By Mark Latonero
Facebook is a step away from creating its global Oversight Board for content moderation. While there’s good reason to be skeptical of whether Facebook itself can fix problems like hate speech and disinformation on the platform, we should pay closer attention to how the board proposes to make decisions.
Decisions by Facebook to limit content and speech are often met with intense public criticism. Facebook wants the Oversight Board to take responsibility for these decisions. However, since Facebook will select the board’s initial slate of international experts, it risks becoming stacked with members who would be too deferential to the company. A more central problem is baked into the foundational charter that states the board “will review content enforcement decisions and determine whether they were consistent with Facebook’s content policies and values.” If the board becomes an echo chamber for values dreamed up in Silicon Valley, it will hardly be trusted on the world stage.

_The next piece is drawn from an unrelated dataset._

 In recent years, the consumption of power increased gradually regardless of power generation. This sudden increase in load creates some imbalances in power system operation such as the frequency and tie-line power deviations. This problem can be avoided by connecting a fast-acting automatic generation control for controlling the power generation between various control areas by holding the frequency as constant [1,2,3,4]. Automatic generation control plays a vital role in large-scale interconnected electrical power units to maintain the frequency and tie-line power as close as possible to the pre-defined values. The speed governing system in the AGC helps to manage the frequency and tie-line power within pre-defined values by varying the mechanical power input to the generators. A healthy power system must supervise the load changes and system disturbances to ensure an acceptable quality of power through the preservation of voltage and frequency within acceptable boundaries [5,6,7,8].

The bylaws contain a possible path forward. They say the board will “be guided by relevant human-rights principles” and will provide an “analysis of how the board’s decisions have considered or tracked the international human rights implicated by a case.” While the language is slippery, if the board bases its decision-making more explicitly on international human rights, it could gain legitimacy. These rights aren’t defined by Facebook, but by the United Nations’ Universal Declaration on Human Rights, international treaties and human-rights courts.

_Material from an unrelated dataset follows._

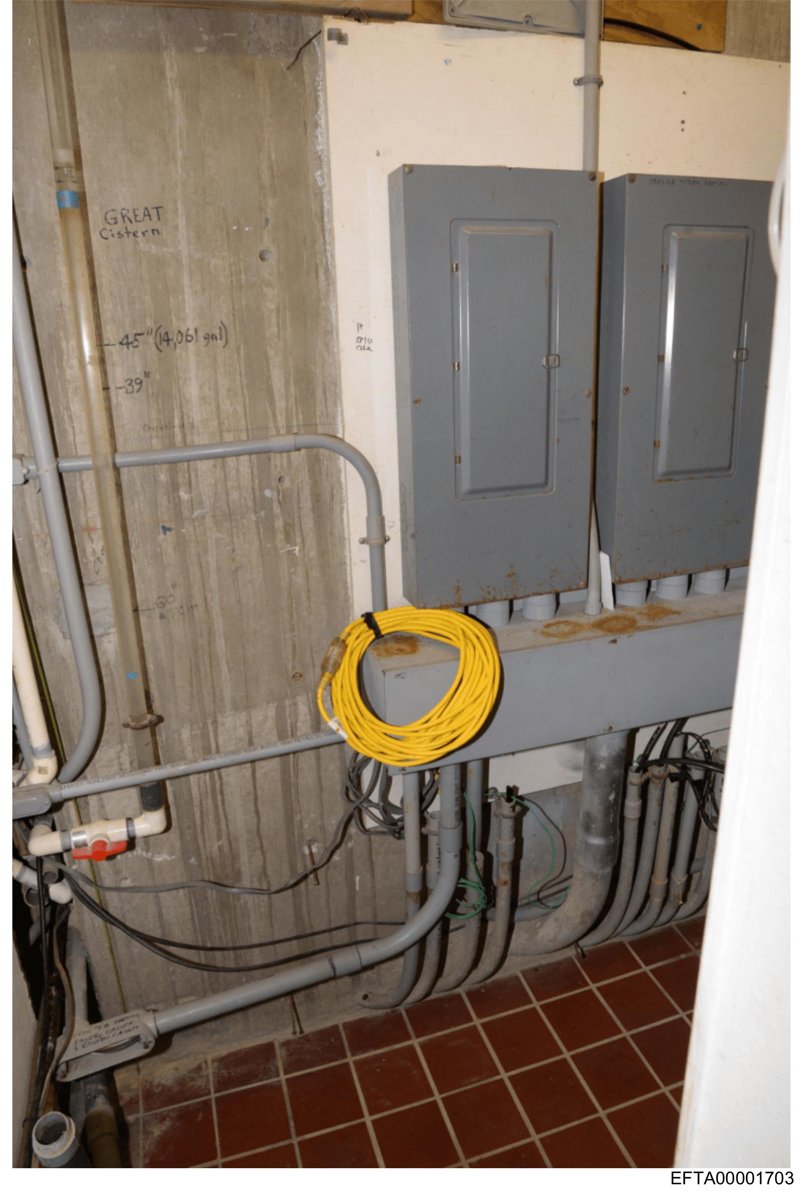 The image captures a view of an electrical room, where the focus is on two main elements: a gray electric meter and a yellow conduit.

Still, if the board were to agree to protect all human rights when making decisions, it could lead to novel opinions that could help others grappling with similar challenges. When I spoke with Noah Feldman from Harvard Law School, who came up with the Supreme Court for Facebook concept and advises Mark Zuckerberg, he imagined that other tech companies might one day bring their predicaments to the Oversight Board if they agreed the decision would be binding.
The more the board limits its scope, however, the more it will miss the big picture. The board should be fully empowered to make policy recommendations, especially those that may directly challenge the inner workings of Facebook’s revenue models or News Feed algorithm. If the board fails to self-govern, it would leave one clear and extremely challenging message for lawmakers: Facebook must be regulated.
Mark Latonero is a Fellow at the Harvard Kennedy School.